• **Requirement**: Below is a listing; retype exactly the lines between the one containing "Champhunt, a reward-based" and the one containing "Front: Embroidered with", inclusive, minus the pictures.
(Data shown Opens)
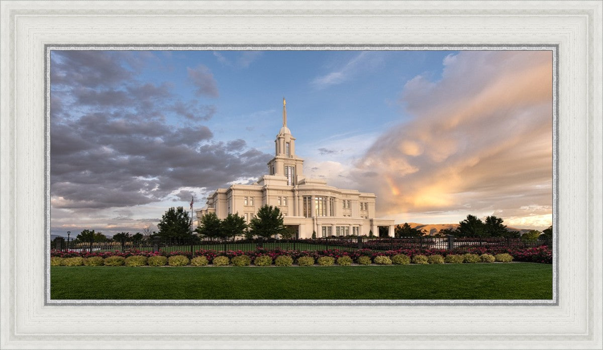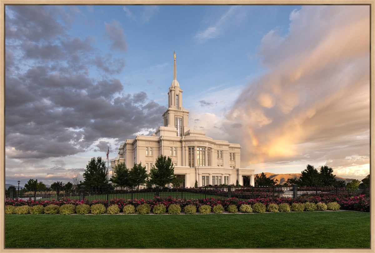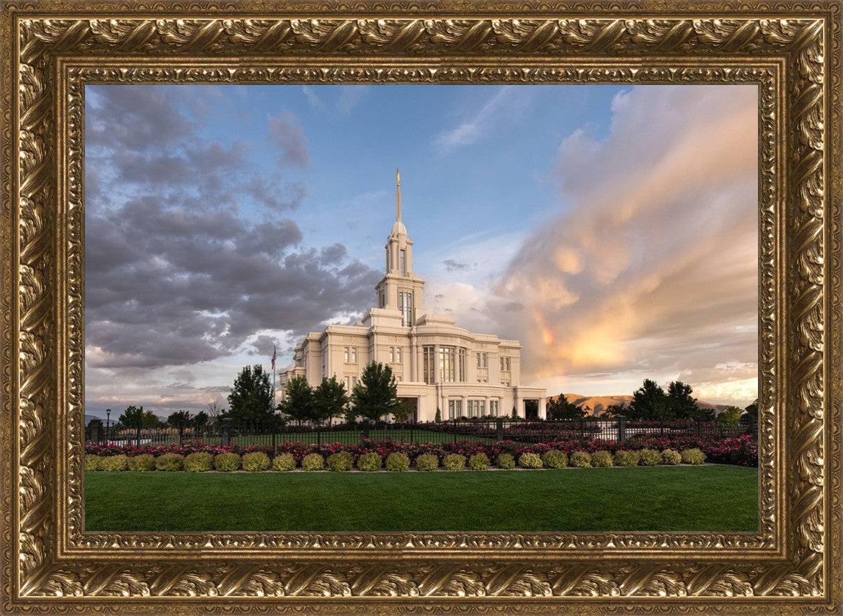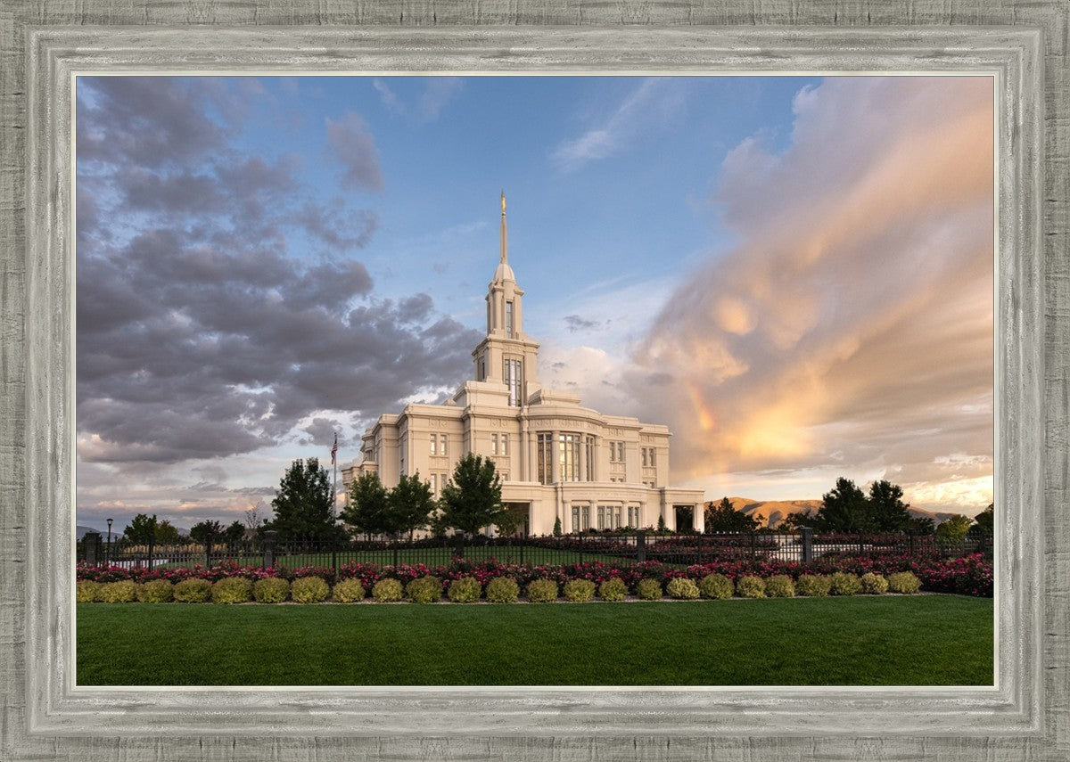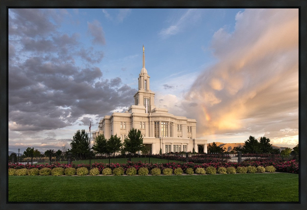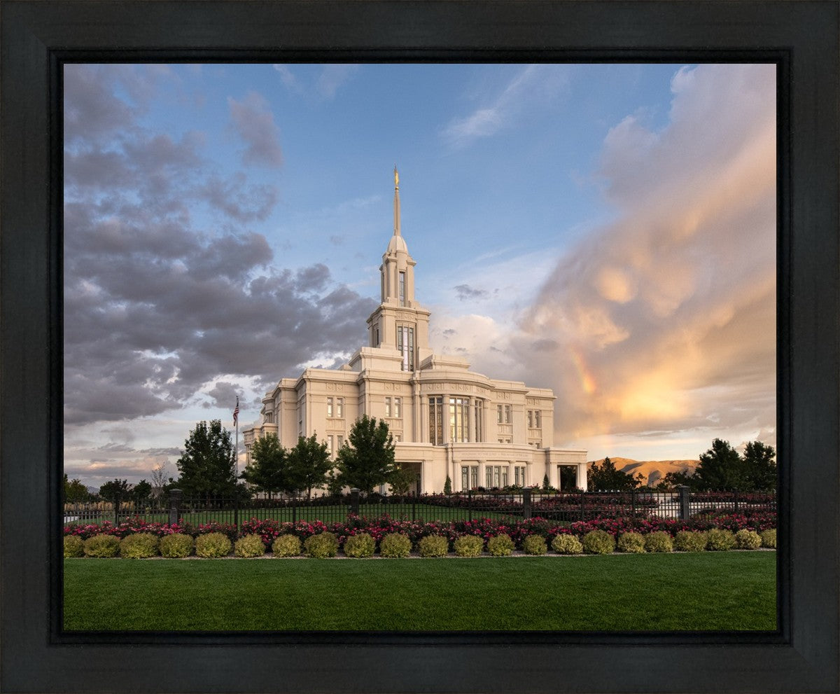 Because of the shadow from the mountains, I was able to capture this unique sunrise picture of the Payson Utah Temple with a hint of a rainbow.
(Data shown Closes)
(Data shown Opens)
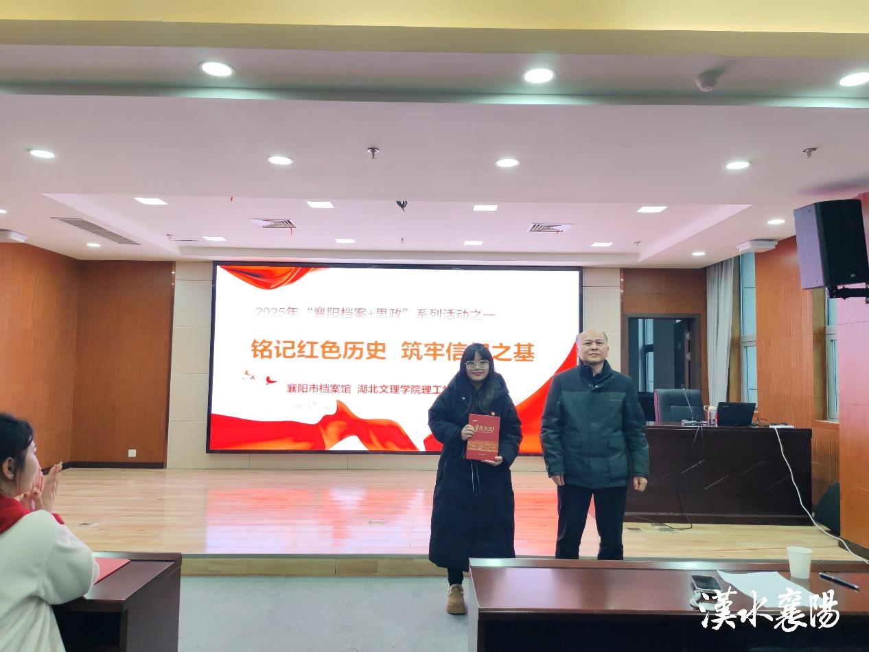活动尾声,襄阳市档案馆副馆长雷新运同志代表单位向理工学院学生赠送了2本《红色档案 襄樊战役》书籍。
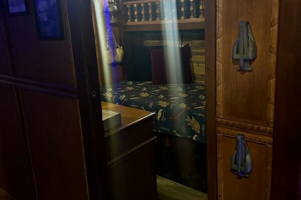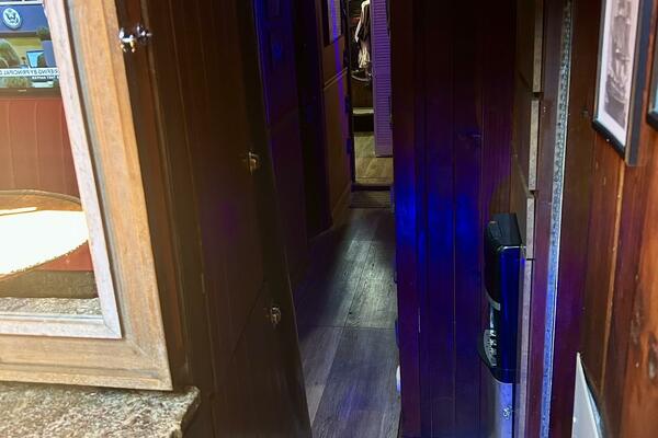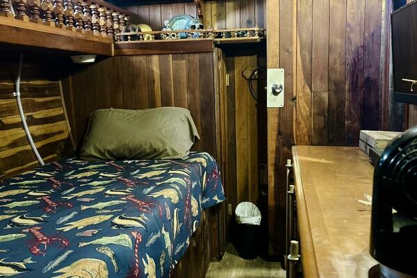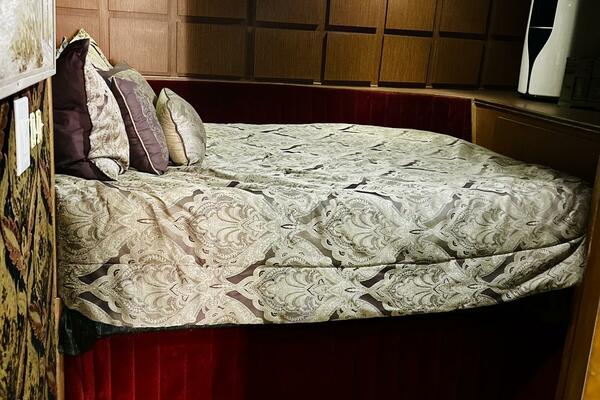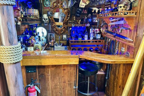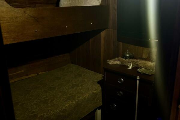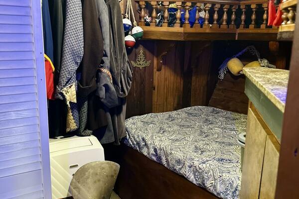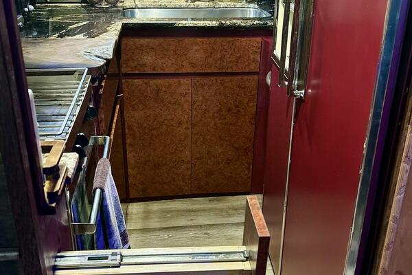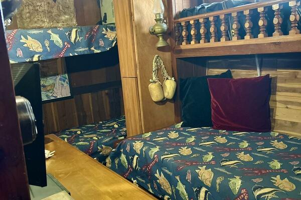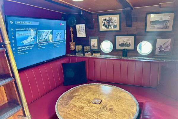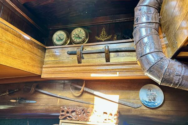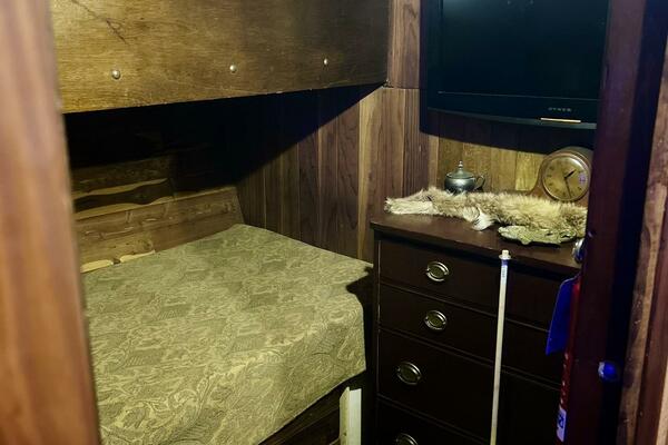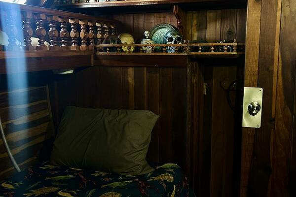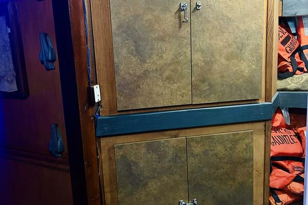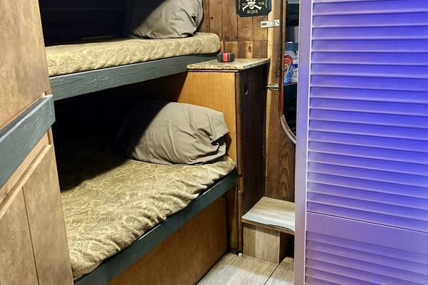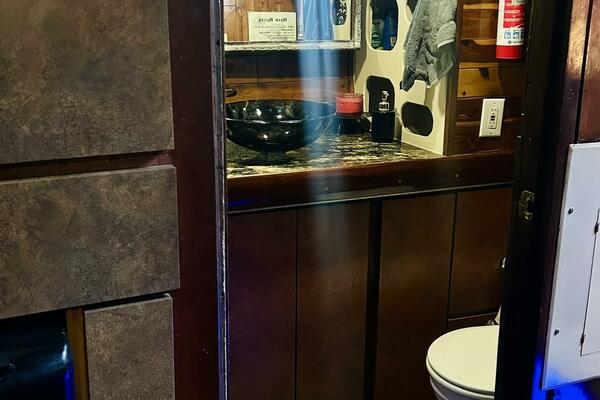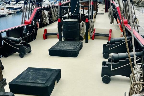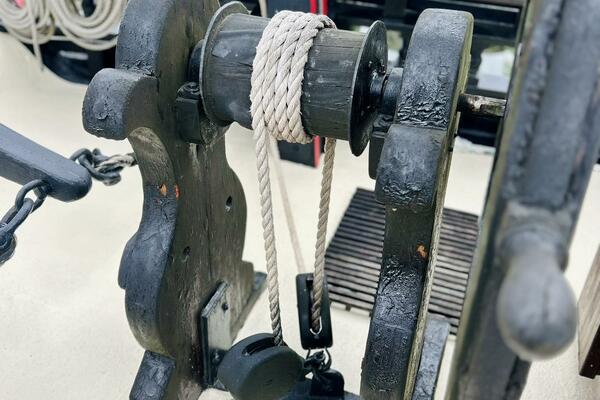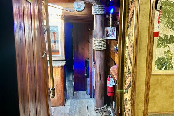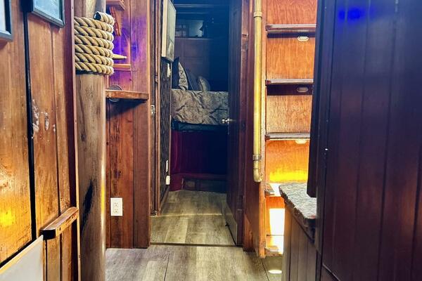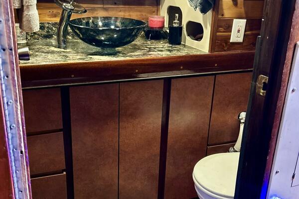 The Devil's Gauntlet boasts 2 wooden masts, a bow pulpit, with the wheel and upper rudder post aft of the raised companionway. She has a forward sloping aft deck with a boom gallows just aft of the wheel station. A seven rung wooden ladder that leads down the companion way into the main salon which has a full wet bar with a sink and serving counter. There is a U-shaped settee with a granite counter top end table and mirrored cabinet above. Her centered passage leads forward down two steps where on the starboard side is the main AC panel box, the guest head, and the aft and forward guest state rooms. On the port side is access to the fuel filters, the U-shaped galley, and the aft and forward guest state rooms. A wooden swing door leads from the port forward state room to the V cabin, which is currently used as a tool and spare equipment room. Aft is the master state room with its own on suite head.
(Data shown Closes)
(Data shown Opens)
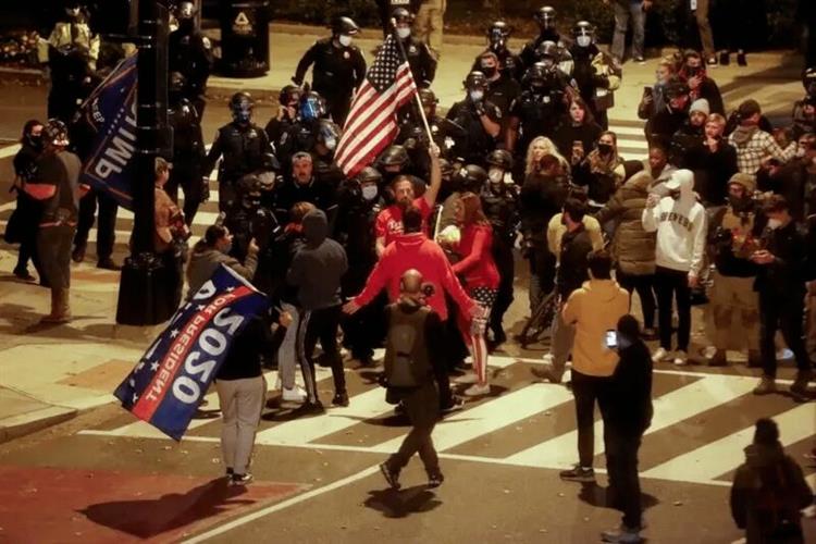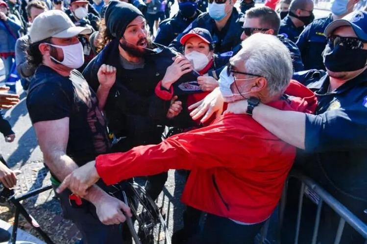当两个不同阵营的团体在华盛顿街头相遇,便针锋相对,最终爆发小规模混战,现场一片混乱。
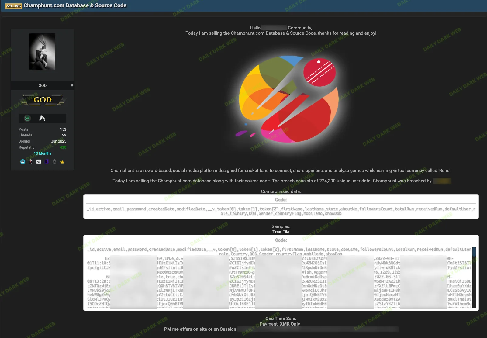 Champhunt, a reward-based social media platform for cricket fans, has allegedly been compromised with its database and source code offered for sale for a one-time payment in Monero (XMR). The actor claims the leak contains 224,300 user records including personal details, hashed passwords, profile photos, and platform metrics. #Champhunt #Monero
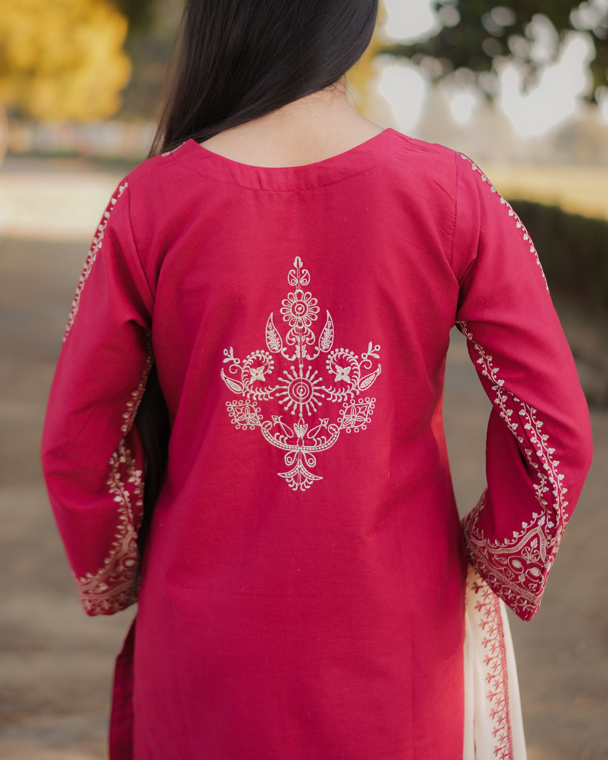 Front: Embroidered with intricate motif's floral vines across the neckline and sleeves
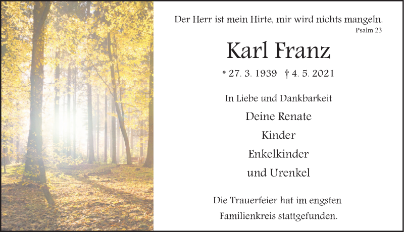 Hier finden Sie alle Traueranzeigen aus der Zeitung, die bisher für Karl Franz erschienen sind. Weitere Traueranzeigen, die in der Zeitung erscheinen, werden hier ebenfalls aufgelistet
(Data shown Closes)
• **Task answer**:
 Champhunt, a reward-based social media platform for cricket fans, has allegedly been compromised with its database and source code offered for sale for a one-time payment in Monero (XMR). The actor claims the leak contains 224,300 user records including personal details, hashed passwords, profile photos, and platform metrics. #Champhunt #Monero
 Front: Embroidered with intricate motif's floral vines across the neckline and sleeves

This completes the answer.